Thailand’s Prime Minister Yingluck Shinawatra has survived a no-confidence vote in parliament by a wide margin following a heated debate on the government’s rice subsidy program and flood management budget.
Shinawatra comfortably survived the three-day debate in the lower house of parliament on Thursday, with 297 lawmakers voting in her favor and 134 against, amid ongoing protests against her administration.
The party headed by Shinawatra, the Puea Thai Party, and coalition partners dominate the house with 299 seats.
Leader of the opposition Democrat Party Abhisit Vejjajiva led the no-confidence motion against Shinawatra with attacks on her government’s rice-subsidy program, which pays farmers fixed prices for their crops far above market rates.

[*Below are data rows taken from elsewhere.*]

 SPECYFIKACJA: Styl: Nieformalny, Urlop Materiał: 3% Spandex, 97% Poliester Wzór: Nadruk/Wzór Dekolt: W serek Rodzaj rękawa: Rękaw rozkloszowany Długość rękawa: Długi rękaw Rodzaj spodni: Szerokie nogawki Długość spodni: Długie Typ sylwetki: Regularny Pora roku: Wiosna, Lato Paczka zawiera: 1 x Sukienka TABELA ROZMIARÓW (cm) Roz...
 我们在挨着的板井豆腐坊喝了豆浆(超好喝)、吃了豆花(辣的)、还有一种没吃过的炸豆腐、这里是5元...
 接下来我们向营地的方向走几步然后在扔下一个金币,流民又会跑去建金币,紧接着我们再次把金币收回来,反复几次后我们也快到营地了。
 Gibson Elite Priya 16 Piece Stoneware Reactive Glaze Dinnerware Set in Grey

He also claimed that the embattled premier has allowed corruption to double under her administration since coming to power in July 2011.

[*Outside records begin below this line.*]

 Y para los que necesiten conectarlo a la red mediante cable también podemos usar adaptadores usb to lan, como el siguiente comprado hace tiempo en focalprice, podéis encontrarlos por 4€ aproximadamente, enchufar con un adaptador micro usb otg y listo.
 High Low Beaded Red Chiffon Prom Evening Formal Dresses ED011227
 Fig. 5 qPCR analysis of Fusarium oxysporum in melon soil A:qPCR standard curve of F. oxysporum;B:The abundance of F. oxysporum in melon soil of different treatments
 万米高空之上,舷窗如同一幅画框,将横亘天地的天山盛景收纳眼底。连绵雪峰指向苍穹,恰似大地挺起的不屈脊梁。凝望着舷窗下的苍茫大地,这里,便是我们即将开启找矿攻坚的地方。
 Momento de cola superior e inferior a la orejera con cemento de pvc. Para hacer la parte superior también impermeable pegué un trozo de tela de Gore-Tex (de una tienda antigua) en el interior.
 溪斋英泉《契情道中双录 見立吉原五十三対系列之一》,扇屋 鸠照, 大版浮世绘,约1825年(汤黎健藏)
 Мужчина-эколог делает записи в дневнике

The vote came as anti-government protesters continue to occupy ministries in the capital, Bangkok. Over two dozen provincial government centers have been occupied by protesters.

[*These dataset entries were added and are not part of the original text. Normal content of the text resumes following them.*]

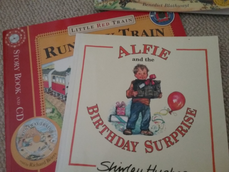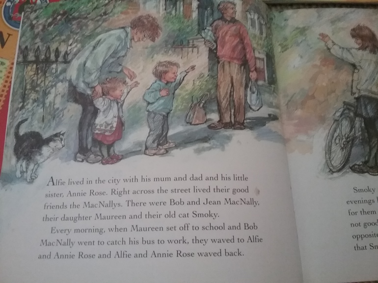 Вот я купила набор книг про мальчика Alfie. Мне очень понравилось, язык хороший и содержания, классическая детская книга. Мише тоже понравилось, тк он себя с ним мог ассоциировать: у Альфи есть младшая сестра, как и у нас, кот как и у нас.
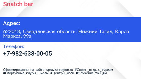 Snatch bar по адресу 622013, Свердловская область, Нижний Тагил, Карла Маркса, 99а в дальнейшем Организация, размещена в следующих категориях:
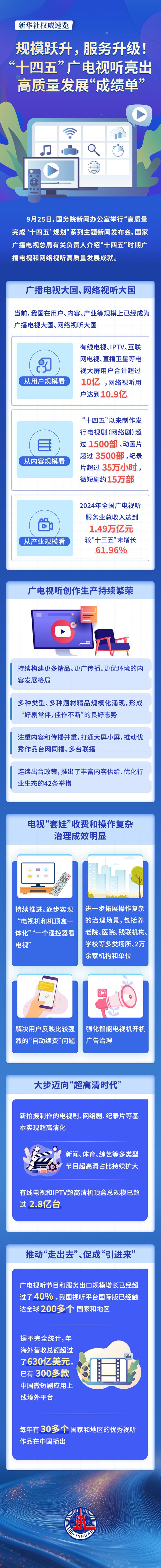 有线电视、IPTV、互联网电视、直播卫星等电视大屏用户合计超过10亿,网络视听用户达到10.9亿;“十四五”以来制作发行电视剧(网络剧)超1500部、动画片超3500部,纪录片超35万小时,微短剧约15万部;2024年全国广电视听服务业总收入达到1.49万亿元……
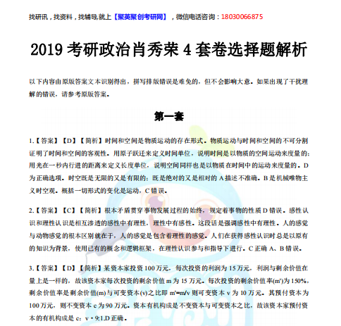 以上是聚创考研网为考生整理的"2019考研肖4选择题解析打印版整理"的相关考研信息,希望对大家考研备考有所帮助! 备考过程中如有疑问,也可以添加老师微信juchuang911进行咨询。
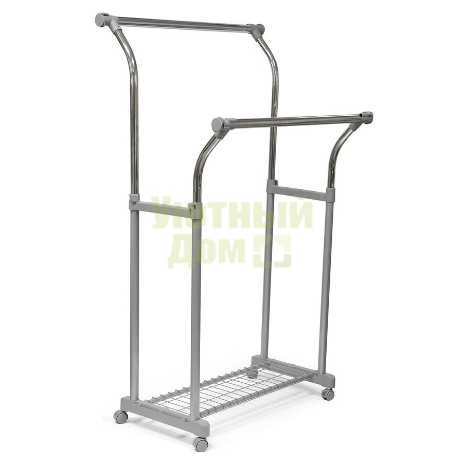 Вешалка для гардеробной комнаты, двойная, раздвижная по высоте и длине, с полкой для обуви, на колесиках. Хромированная сталь, серый пластик, поставляется в 1 кор.
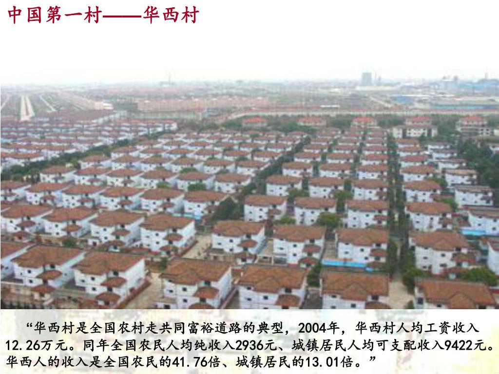 中国第一村——华西村 “华西村是全国农村走共同富裕道路的典型,2004年,华西村人均工资收入12.26万元。同年全国农民人均纯收入2936元、城镇居民人均可支配收入9422元。华西人的收入是全国农民的41.76倍、城镇居民的13.01倍。”
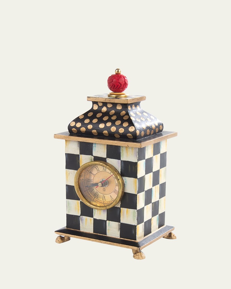 Desk clock made of iron. Hand painted. Brass hardware. 5.75"W x 4.75"D x 9.25"T. Imported.

Hundreds of Thai troops have been deployed outside the parliament to maintain security.
Police have issued an arrest warrant for opposition leader Suthep Thaugsuban.
On Wednesday, Suthep rejected talks with the government or other parties.
“No more negotiations,” Suthep told thousands of protesters outside four government ministries.
He added that he is ready to die for his country if the protests do not succeed.
The demonstrators are demanding the resignation of Shinawatra and accuse her administration of being controlled by her brother, ousted Prime Minister Thaksin Shinawatra.
Protests began in Thailand last month over a government-backed bill that granted amnesty to Thaksin. The government was then forced to abandon the amnesty effort.
Thaksin was toppled in a military coup seven years ago, following allegations of corruption. Since then, Thaksin has lived in a self-imposed exile to avoid a prison sentence.